Adaptation: Crystal Silvermoon
English script: Stacy King
Art: SunNeko Lee

Goodreads — book depository

Rating: 4.5 cats

Review: So, if I actually had to write one-word reviews, here are words that I would have used: beautiful. poignant. heartbreaking. mind-changing. This book is all of that.

I’ve yet to read the actual classic or watch the movie adaptation, but after reading this anime adaptation, well, I can’t wait to do so. And I’ve checked on goodreads; the original classic has about 1400 pages, so hats off to the team behind this book to make everything clear and understandable in 337 pages. You guys are amazing.10228199

The illustrations were beyond amazing. I loved how they conveyed the story perfectly. Truly, I think that if classics were made this way, they would seem more appealing to teenagers and young adults, especially in this new generation. They may help today’s generation to read more, classics included, and make our society a well-read one. So, you guys over at Udon Entertainment, keep up with the fabulous work. You are amazing.

Now about the story. I never thought I’d miss out on a classic like that. I’ve never been really interested to read Victor Hugo’s work, and the real reason I’ve requested this arc is because the idea of a “manga classic” intrigued me. But after reading this masterpiece I really want to get my hands on the non-manga version of this book and devour the 1400 pages.

The story… Everything about it… It’s heartbreaking.

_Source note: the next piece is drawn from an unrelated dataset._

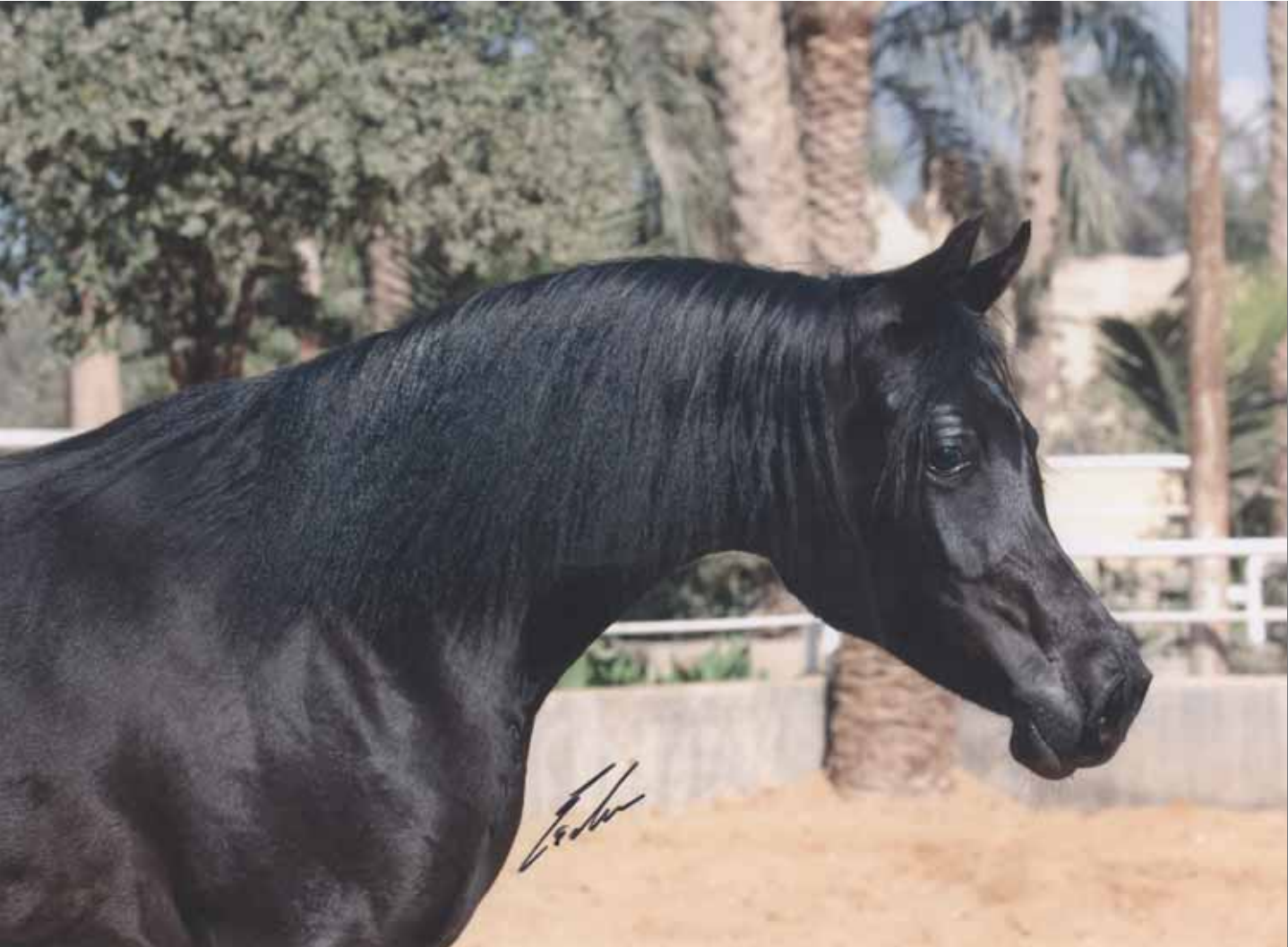
Layaly Al Najdiah – RB (Ibn El Basha x Nawwaret Hamdan)

Introducing one of the most famous characters in literature, Jean Valjean – the noble peasant imprisoned for stealing a loaf of bread. In Les Misérables Victor Hugo takes readers deep into the Parisian underworld, immerses them in a battle between good and evil, and carries them onto the barricades during the uprising of 1832.

Within his dramatic story are themes that capture the intellect and the emotions: crime and punishment, the relentless persecution of Valjean by Inspector Javert, the desperation of the prostitute Fantine, the amorality of the rogue Thénardier and the universal desire to escape the prisons of our own minds. Les Misérables gave Victor Hugo a canvas upon which he portrayed his criticism of the French political and judicial systems, but the portrait which resulted is larger than life, epic in scope – an extravagant spectacle that dazzles the senses even as it touches the heart. (synopsis from Goodreads)

It’s as if my heart was thrown in all directions and squeezed and crushed and made whole again just to go through the same thing. The story was one of the most tragic I’ve ever read.

The story starts with Fantine, and her difficult situation:  not having a husband, she has to search for work in order to take care of her daughter Cosette, but is unable to make ends meet. Everything this mother does throughout the book is to do all she can for her daughter. Here you see pure maternal love, as Fantine is desperate to make her daughter happy, unaware that she is being ripped off by the Thenardiers, the people to whom she has entrusted the care of her beloved Cosette. While I read about her my heart couldn’t stop but bleed for her, as even though she has been reduced to a mere prostitute, she hadn’t stop to hope that her daughter will always be well. You, dear madam, deserve more than a thousand thumbs up. *respect*

Jean Valjean, on the other hand, was so inspiring. He always helped others despite being labelled as a good for nothing, and never let himself be discouraged. What he did for Cosette was so admirable and magnificent that you had to be none other than impressed by the extent of his generosity. Even though he was pursued restlessly by Inspector Javert, that did not stop him from making the right decisions for him as well as everyone around him.

I’d love to talk about the other characters as well but I’m afraid to spoil you somewhere inadvertently so I’ll stop there. But truly, this book was amazing and even though the 1400 pages book doesn’t seem appealing, then I wholly recommend this amazing version to you, and I think that I can’t praise it enough!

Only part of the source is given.